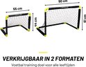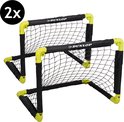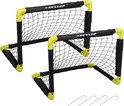 Daag elkaar uit met een partijtje voetbal of verbeter je scoringskansen met deze set van 2 opvouwbare mini-voetbalgoals van Dunlop. Je hebt ze met het kliksysteem zo opgezet. De 4 meegeleverde grondpinnen zorgen dat de goals stevig staan. De goals zijn gemaakt van polypropyleen, een stevig kunststof. Ze zijn grotendeels zwart met felgele details op de hoeken.
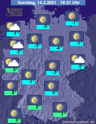 Heute Abend bleibt es noch überwiegend sternenklar oder gering bewölkt. In den westlichen Landesteilen ziehen allerdings mehr und mehr Wolken her, dazu bleibt es trocken. Die Temperatur liegt bei -4 Grad in Magdeburg und bis 3 Grad in Köln.
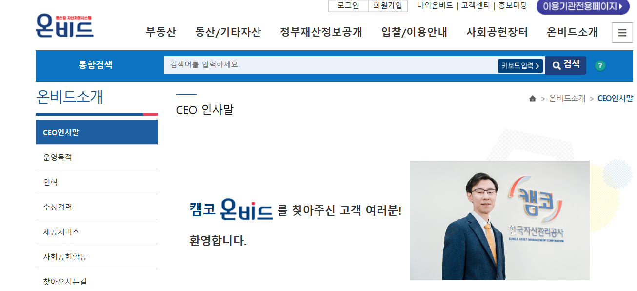 - 먼저 PC에서는 온비드 공식 홈페이지에 접속합니다.
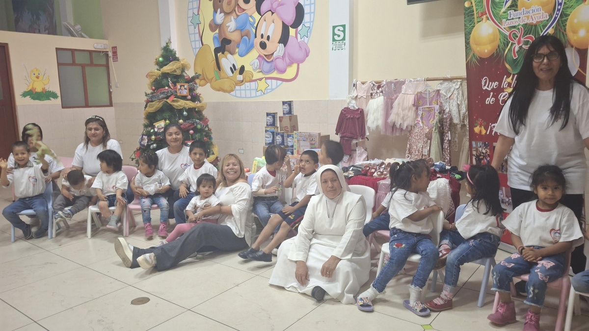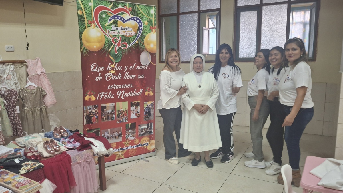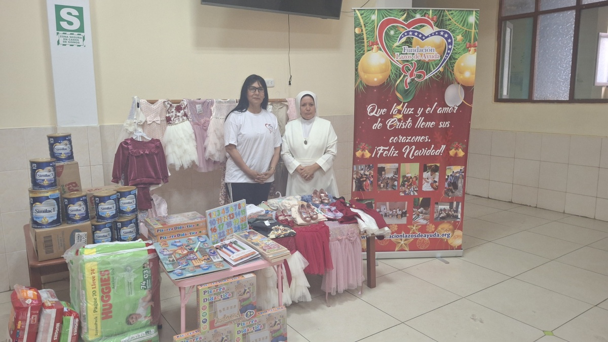 La Fundación Lazos de Ayuda visito el viernes 13 de Diciembre, el ALBERGUE ” SANTA MARÍA JOSEFA DEL CORAZÓN DE JESÚS “ celebrando la festividad navideña, junto a los voluntarios y los niños del Albergue, la madre superiora Teresa M. Ruiz Gonzales recibió una donación de ropa infantil y productos de primera necesidad para los niños, así mismo un aporte económico en efectivo que contribuirá a la alimentación de los menores.
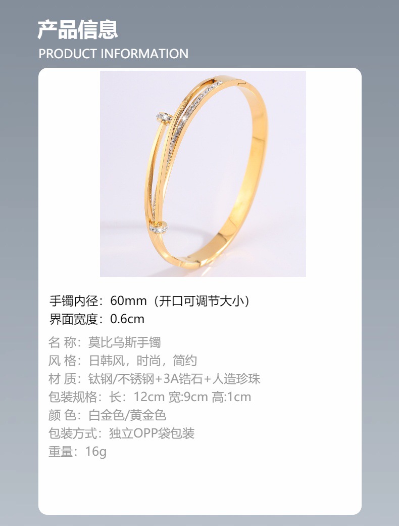 Brazalete de acero inoxidable para mujeres lujosas parejas japonesas y coreanas plateadas Mobius acero titanio joyas de diseño personalizado brazalete
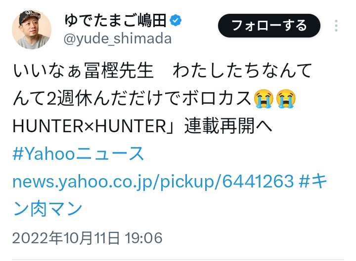 | … | 7525/09/04(木)20:00:11No.1349956524そうだねx1>また冨樫連載再開しそうだけど大丈夫だろうか… |
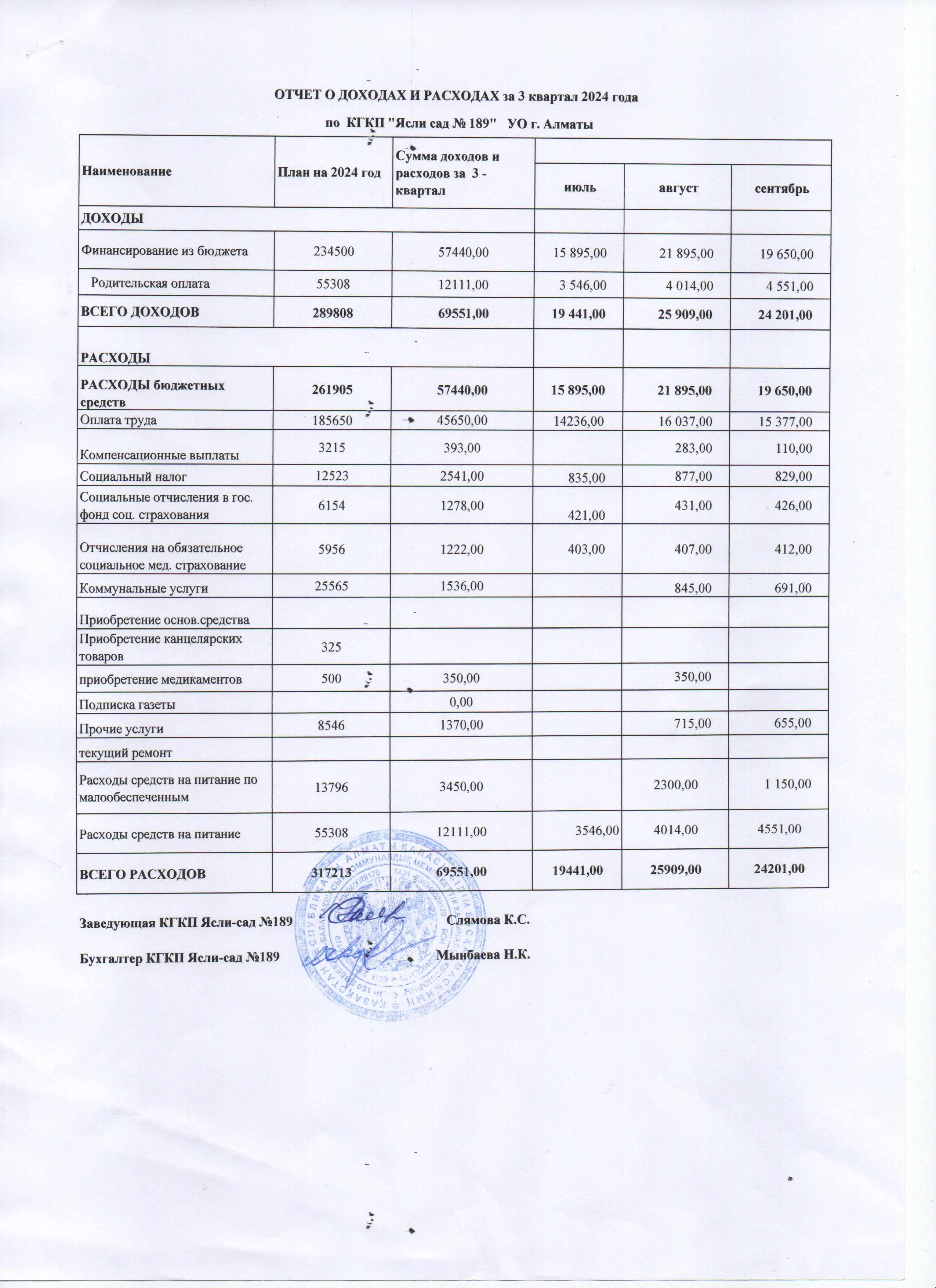 Отчет о доходах и расходах за 3 квартал 2024 » «№189 бөбекжай -балабақшасы»
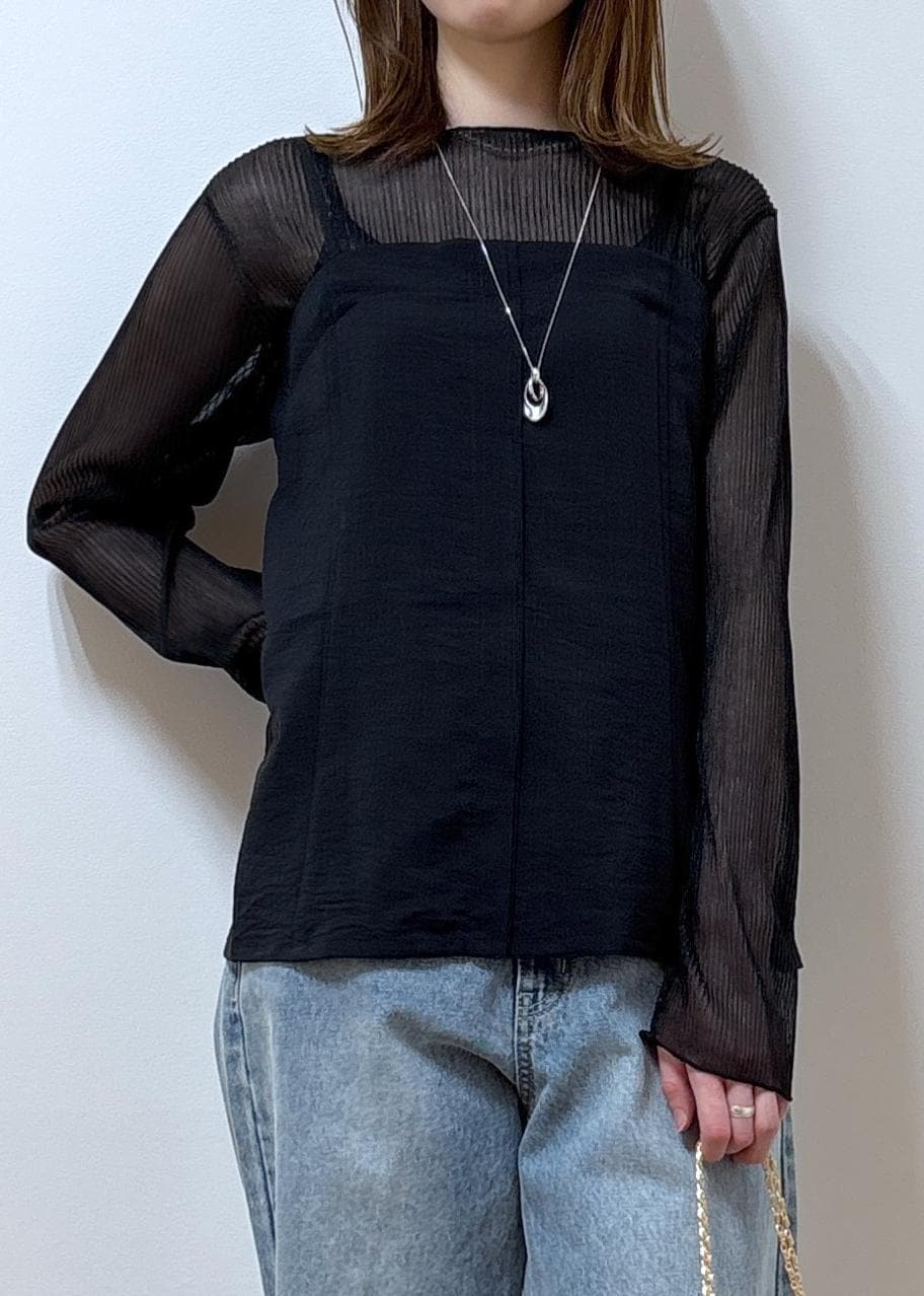 ROPÉ PICNICラメシアープリーツトップスブラック / 38¥3,498レビューキラキラのラメが入っており華やかな印象になります。チクチク感はなく、肌離れもしやすい素材感です。プリーツデザインなので、スッキリとして着痩せ効果も◎
--------
Prompt: An exact reproduction of the material above is needed, without its pictures.

Expected output:
 Daag elkaar uit met een partijtje voetbal of verbeter je scoringskansen met deze set van 2 opvouwbare mini-voetbalgoals van Dunlop. Je hebt ze met het kliksysteem zo opgezet. De 4 meegeleverde grondpinnen zorgen dat de goals stevig staan. De goals zijn gemaakt van polypropyleen, een stevig kunststof. Ze zijn grotendeels zwart met felgele details op de hoeken.
 Heute Abend bleibt es noch überwiegend sternenklar oder gering bewölkt. In den westlichen Landesteilen ziehen allerdings mehr und mehr Wolken her, dazu bleibt es trocken. Die Temperatur liegt bei -4 Grad in Magdeburg und bis 3 Grad in Köln.
 - 먼저 PC에서는 온비드 공식 홈페이지에 접속합니다.
 La Fundación Lazos de Ayuda visito el viernes 13 de Diciembre, el ALBERGUE ” SANTA MARÍA JOSEFA DEL CORAZÓN DE JESÚS “ celebrando la festividad navideña, junto a los voluntarios y los niños del Albergue, la madre superiora Teresa M. Ruiz Gonzales recibió una donación de ropa infantil y productos de primera necesidad para los niños, así mismo un aporte económico en efectivo que contribuirá a la alimentación de los menores.
 Brazalete de acero inoxidable para mujeres lujosas parejas japonesas y coreanas plateadas Mobius acero titanio joyas de diseño personalizado brazalete
 | … | 7525/09/04(木)20:00:11No.1349956524そうだねx1>また冨樫連載再開しそうだけど大丈夫だろうか… |
 Отчет о доходах и расходах за 3 квартал 2024 » «№189 бөбекжай -балабақшасы»
 ROPÉ PICNICラメシアープリーツトップスブラック / 38¥3,498レビューキラキラのラメが入っており華やかな印象になります。チクチク感はなく、肌離れもしやすい素材感です。プリーツデザインなので、スッキリとして着痩せ効果も◎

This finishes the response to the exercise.